Under the GDPR, one of the requirements for compliance is the process of completing a DPIA, or Data Protection Impact Assessment. The ICO mandates DPIAs to be filled out for processing operations that are “likely to result in risk.”
But what exactly does “likely to result in risk” mean? How can organizations form a solid definition of this term to use in their DPIA and overall GDPR compliance plan? Even though the GDPR is vague about what this means, there are plenty of examples of what a high-risk action or process is. In this guide, we’ll break down everything you need to know about what is likely to result in risk under the GDPR, as well as some examples of what to look out for.
You can identify and reduce a project's data protection risks by doing a data protection impact assessment (DPIA). It is a particular kind of evaluation carried out in relation to a particular processing activity to guarantee that any privacy risks have been noted and safeguards have been implemented where appropriate.
For processing that poses a significant danger to people, a DPIA is required. This contains a few particular categories of processing. A DPIA should be conducted for each additional significant project involving the handling of personal data.
Data controllers must conduct a data protection impact assessment in compliance with Article 35 of the GDPR if a processing operation, particularly one involving the use of new technologies, is "likely to result in a high risk to the rights and freedoms of natural persons."
Data controllers are obligated to conduct a data protection impact assessment in accordance with Article 35 of the GDPR if data processing activities, particularly those utilizing new technologies, are "likely to result in a high risk to the rights and freedoms of natural people." Neither "high risk" nor "DPIA" are defined under the GDPR. However, some standards for what constitutes "high risk" are listed in laws and regulations, which are in-depth explored in Section 4.

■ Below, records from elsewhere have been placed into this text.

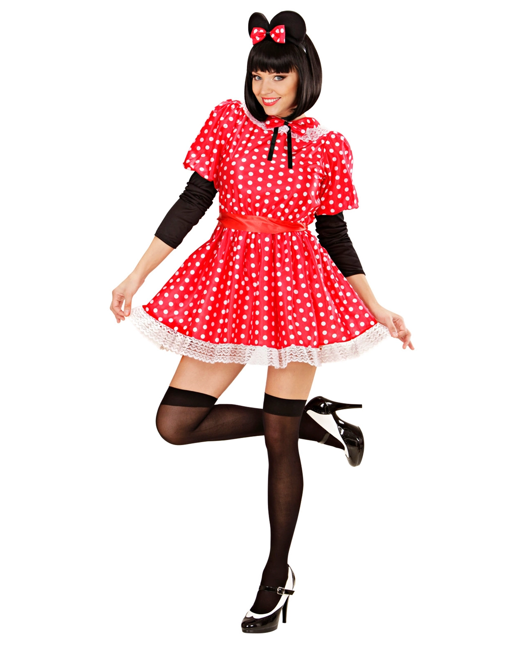 Das Mäusedame Kostüm wird zusammen mit einem Haarreif mit Mausohren und einem roten Stoffgürtel geliefert. Komplett wird dieses Mäuse Outfit allerdings erst mit unseren Weiße Spitzenhandschuhe sowie dem Make Up Stift schwarz für ein süßes Mäusegesicht. Als verkleidete Minnie Maus ziehst du mit diesem sexy Mäusedame Kostüm alle Blicke auf dich, denn das rot weiße Polkadot Kleid ist sehr auffällig und daher ein beliebtes Damenkostüm.
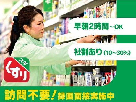 仕事内容 家事や子育てとの両立も応援!!働きやすさもスキルアップもスギ薬局で叶います! ―――――――――――――――――――― 年齢・学歴・経験・資格は一切問いません! 7割が未経験スタート!初心者さんも安心 10代の学生さんから60代主婦(主夫)活躍中 週2日、1日2hの短時間│オトクな社割あり 座学や動画マニュアルで商品・接客が学べる ―――――――――――――――――――― <仕事内容> 開店前の早朝時間帯に、 医薬品や生活用品などを箱から出して 棚に並べていく品出しのお仕事です。 さまざまな商品を取り揃えるスギ薬局で 欲しいものをすぐに見つけられる キレイなディスプレイをお願いします! 慣れればテキパキ進められ、集中していると あっという間に終わるカンタンなお仕事です。 <うれしい社割あり> ・日用品:10%オフ ・カウンセリング化粧品:30%オフ 「スギ薬局の商品は生活必需品ばかりだから家計が助かる」 「仕事ついでに買って帰れるからラクちん」と、 稼ぎながら賢く節約しているスタッフも! 適度に身体を動かすお仕事なので、 健康維持にも役立ちますよ! <バイトデビューしたい方も応援!> 未経験から始めた先輩が多いからこそ、 同じ目線でやさしく指導します。 地域の皆さまと仲間への 思いやりさえあれば始められるお仕事です!
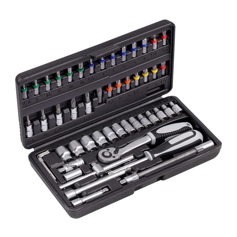 Attrezzatura solida: attrezzatura di base ideale per vari lavori di avvitatura nel fai-da-te, officina, garage, ecc. | Ampia scelta di prese, punte e accessori | Con cricchetto reversibile. - Buona fattura: cricchetto reversibile con 72 denti e funzione di sgancio rapido | Prese in acciaio al cromo vanadio per impieghi gravosi | Punte codificate a colori per una facile identificazione | Robusta custodia in plastica e

In brief, processing significant volumes of data, sensitive or special categories of personal data, or processing procedures utilizing new technologies for which the controller has not yet performed a DPIA may be associated with high risk.
To get a better grasp on what is considered high risk under the GDPR, let’s take a look at some examples.
This risk would apply to processing requiring the deployment of unique applications of already available technology. When paired with any other need from WP248rev01, a DPIA is necessary for any proposed processing processes requiring creative technology usage or the implementation of novel organizational and technological strategies.
Depending on the particulars of the processing, examples of this include artificial intelligence, machine learning and deep learning, connected and autonomous cars, intelligent transportation systems, smart technologies, market research including neuro-measurement, and various IoT applications.
Instances where the controller believes that adhering to Article 14 would be impossible or require an unreasonable amount of effort are known as invisible processing, as described in Article 14.5. Invisible processing is the processing of personal data that has not been directly obtained from the data subject. Any proposed processing action where the controller is relying on Article 14.5 requires a DPIA.
List brokering, direct marketing, online tracking, advertising, data aggregation, and the reuse of publicly accessible data are a few examples of this processing.
Processing that involves tracking a person's geolocation or activity, including but not limited to the online world, is known as tracking. Any proposed processing procedure using geolocation data must first undergo a DPIA. Social media platforms, software programs, online advertisements, web and cross-device monitoring, eye tracking, data processing at work, data processing in the context of working from home and other distant locations are a few examples.
Any processing of genetic data that isn't done by a specific doctor or other health care provider for the purpose of providing direct treatment to the data subject is considered to be the processing of genetic information. Any anticipated processing actions involving genetic data should be subject to a DPIA. DNA testing, medical research, and medical diagnostics are a few examples.
Another possible issue is data matching, which includes merging, contrasting, or matching personal data gathered from several sources. Examples include federated identity assurance services, direct marketing, tracking personal usage of statutory services or benefits, and fraud protection.
Denial of service occurs when judgments concerning a person's access to a good, service, opportunity, or benefit are made in part or entirely based on automated decision-making, or when special-category data is processed.
Credit checks, mortgage or insurance applications, and other pre-check procedures connected to contracts are some of the most typical forms of denial of service.
Any extensive individual profiling carried out by an organization poses this risk. Examples of this include information processed by Smart Meters or IoT apps, fitness or lifestyle tracking gear and software, social media networks, and the integration of AI into current processes.
Any processing of biometric information aimed at uniquely identifying a person is subject to this danger. When paired with any other criterion from WP248rev01, a DPIA is necessary for any anticipated processing activities using biometric data for the purpose of uniquely identifying a person.
Facial recognition technologies, workplace identity verification and access control systems, and access control and identity verification for hardware and apps are some intriguing instances of biometric data threats (including voice recognition, fingerprint, facial recognition, etc.)
If you find yourself still unsure whether certain activities are “likely to result in risk” or not, it is best practice to create a DPIA just in case. It is always better to be overly careful when it comes to identifying and mitigating risks associated with processing personal data.